Reputation: 2605
I have a df X with columns with duplicate names:
In [77]: X_R
Out[77]:
dollars dollars
0 0.7085 0.5000
I want to rename it so that I have:
In [77]: X_R
Out[77]:
Retail Cost
0 0.7085 0.5000
Using the Pandas rename function does' work:
X_R.rename(index=str, columns={"dollars": "Retail", "dollars": "Cost"})
Just gives me two columns named Cost.
How can I rename the columns in this case?
Upvotes: 25
Views: 55316
Reputation: 1846
For the relatively simple case in the OP's question, Mihkorz's answer works well. However, for dynamic renaming, more is needed. There are some answers that provide dynamic renaming. As noted in a comment by @wjakobw in n49o7's answer,
if you have multiple sets of duplicates they aren't handled independently. a, a, b, b becomes a0, a1, b2, b3.
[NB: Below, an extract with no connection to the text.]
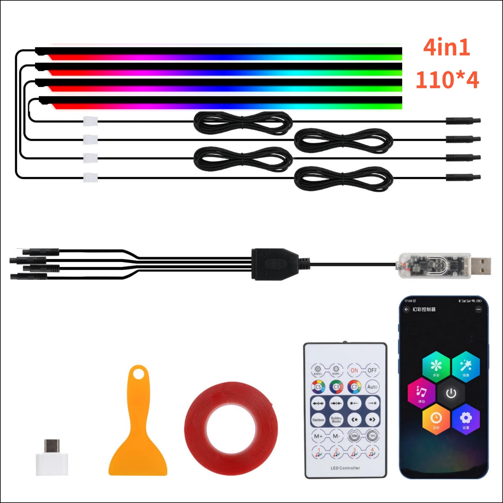 Die Streifen werden über ein USB-Kabel mit dem Auto verbunden, was eine einfache und schnelle Installation ermöglicht.

gbitmmon's answer avoids the shared index issue, as does Benedictanjw's answer. The latter has the code for managing the renames both outside and inside of the rename call. This answer is to provide a similar dynamic renaming solution to the former, but using collections.Counter instead of manually tracking the added elements and their indexes; and adding a dynamically selected separator instead of a hard-coded _
.
import pandas # Yes, I know the custom is to do `import pandas as pd`.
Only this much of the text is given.